The browser's hardware + software configuration is read out and hashed. Fingerprints can re-identify a user with 80–95% accuracy across cookie clears and incognito sessions, and ML systems now flag anti-fingerprint countermeasures by their inconsistency patterns.

### 2.1 Graphics / rendering
- **Canvas fingerprinting** — render text and shapes to an off-screen 2D canvas, hash the pixel output. GPU + driver + font hinting + AA settings each shift pixels deterministically.
- **WebGL fingerprinting** — read GPU vendor/renderer strings, shader precision, supported extensions, and run shader programs whose output varies by GPU model.
- **WebGPU fingerprinting** (newer) — the WebGPU adapter exposes more granular capability flags than WebGL; emerging high-entropy signal.
- **Font enumeration** — measure rendered glyph metrics for each font in a list to detect which fonts are installed.
- **Emoji rendering** — variant per OS/font version.

### 2.2 Audio
- **AudioContext fingerprinting** — process a known waveform through `OfflineAudioContext`, hash the output. Differs by audio stack version. Safari 17+ injects randomization in Private mode.

### 2.3 System/device
- `navigator.userAgent`, **User-Agent Client Hints** (`Sec-CH-UA-*`) — browser, version, platform, mobile flag, architecture, model, full version list.
- `navigator.hardwareConcurrency` — logical CPU count.
- `navigator.deviceMemory` — RAM bucket.
- `navigator.platform`, `navigator.oscpu`.
- `screen.width/height/availWidth/colorDepth`, `window.devicePixelRatio`.
- `Intl.DateTimeFormat().resolvedOptions().timeZone` and `Date.getTimezoneOffset()`.
- `navigator.languages`.
- **Battery Status API** (deprecated/removed in most browsers) — formerly used to correlate visits within ~30 minutes.
- **Network Information API** — connection type, downlink.
- **Permissions API** — query state for camera/mic/geo/notifications adds entropy.
- **Media devices** — `enumerateDevices()` returns deviceIds (per-origin hashed) and device labels once permission is granted.
- **Speech synthesis voices** — `speechSynthesis.getVoices()` reveals OS voice list.
- **Plugins / MIME types** — mostly empty in modern Chromium but still reads in some browsers.
- **Math/floating-point quirks** — small differences in `Math.tan`, `Math.exp` across CPUs/runtimes.
- **CSS feature detection** — `@media`, `prefers-color-scheme`, `prefers-reduced-motion`.
- **Sensor APIs** — Generic Sensor API exposes accelerometer, gyroscope, magnetometer, ambient light, orientation. Mobile-specific. Activity inference (walking/running/typing) is feasible.

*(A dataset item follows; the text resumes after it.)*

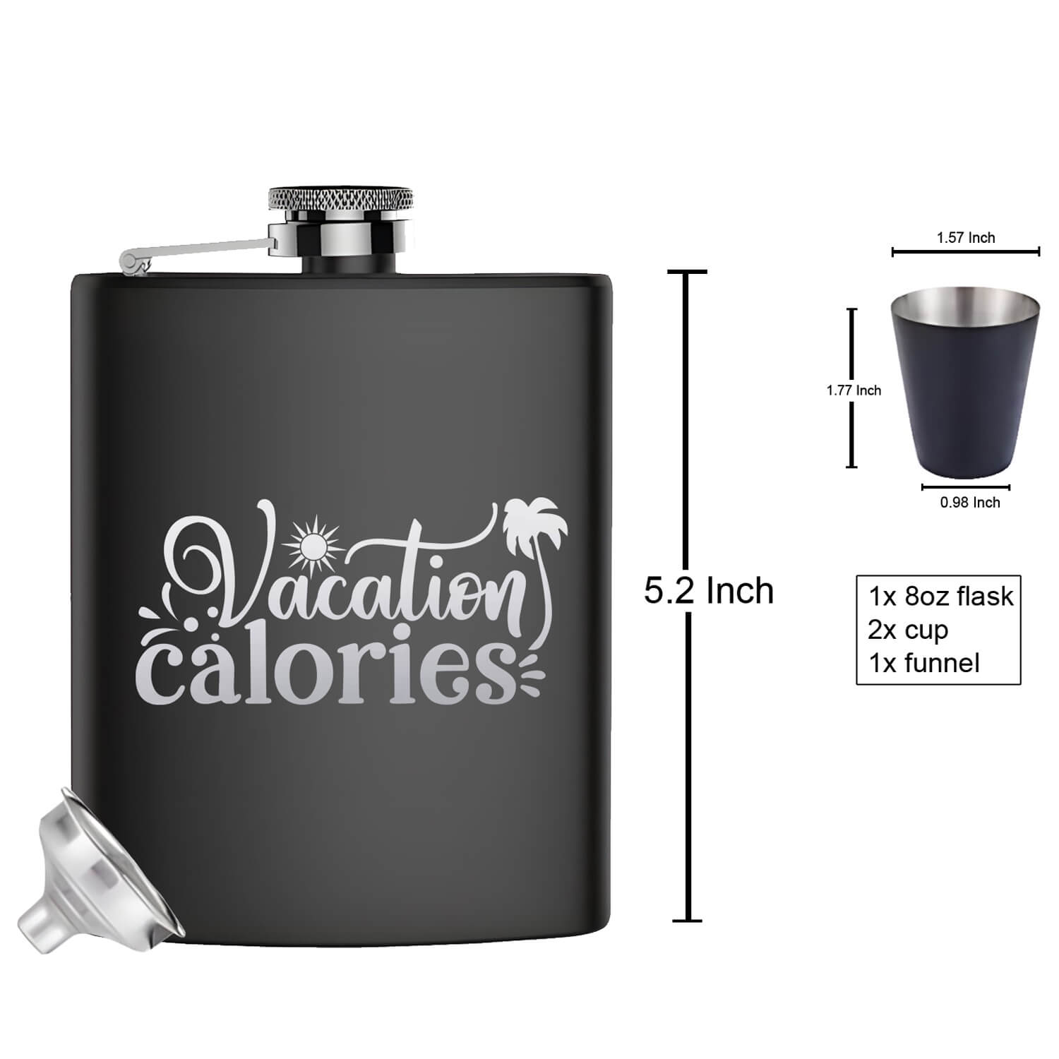 Transport yourself to a bygone era with our Vintage Elegance Hip Flask: Vacation Calories edition. Crafted with precision engraving, it exudes timeless charm and sophistication, the size is 14.5 x 7 cm. making it a perfect gift for any occasion. Shop now and add a touch of nostalgia to your gifting!

### 2.4 Behavioral fingerprint additions
- **Mouse-movement curves** and **touch-event timing** carry per-user entropy beyond the static config.

---

## 3. Network- and protocol-level fingerprinting

These work even if the browser is locked down, because they happen below the JS layer.

- **IP address** — coarse geolocation, ASN, VPN/datacenter detection. Combined with a small fingerprint, often unique.
- **TCP/IP stack fingerprinting** (p0f-style) — TTL, window size, options ordering.
- **TLS JA3 / JA3S** — hash of the ClientHello (cipher list, extension order, EC curves, EC point formats). Largely superseded.
- **TLS JA4 / JA4+** — Cloudflare/AWS/VirusTotal industry standard. Sorts ciphers and extensions deterministically before hashing, which defeats the per-connection randomization Chrome and Firefox introduced. Used at the edge to flag headless browsers, automation libraries, and malware-family TLS stacks.
- **HTTP/2 fingerprinting** (Akamai) — SETTINGS frame values, window-update sizes, header order, priority frames. Headless browsers and HTTP libraries each have a recognizable pattern.
- **HTTP/3 / QUIC fingerprinting** — initial packet structure, transport parameters.
- **DNS-side observables** — the resolver sees every domain the user visits if not using DoH/DoT to a third party.
- **CNAME cloaking** — site sets up `analytics.example.com` and CNAMEs it to a tracker (Adobe, Eulerian, Pardot, etc.). The browser sees a first-party request, so cookies set on that subdomain dodge third-party-cookie blocking. Studies put adoption around 10–15% of EU enterprise sites. Safari (WebKit) caps the lifetime of cookies set on CNAME-cloaked responses to 7 days; Brave and Firefox uncloak via tracker lists.
- **WebRTC ICE candidate leak** — `RTCPeerConnection` enumerates local network IPs (192.168.x.x, etc.) and the public IP from STUN, regardless of VPN state, unless WebRTC is disabled or the browser is hardened (Brave, Tor, recent Firefox with `media.peerconnection.ice.proxy_only`).
- **WebSocket and EventSource** timing — long-lived connections with per-user IDs.
- **DNS prefetch / preconnect** — leaks intent before the user even clicks.

---

## 4. Behavioral and interaction telemetry

Captured by JS embedded on the page and sent to a backend.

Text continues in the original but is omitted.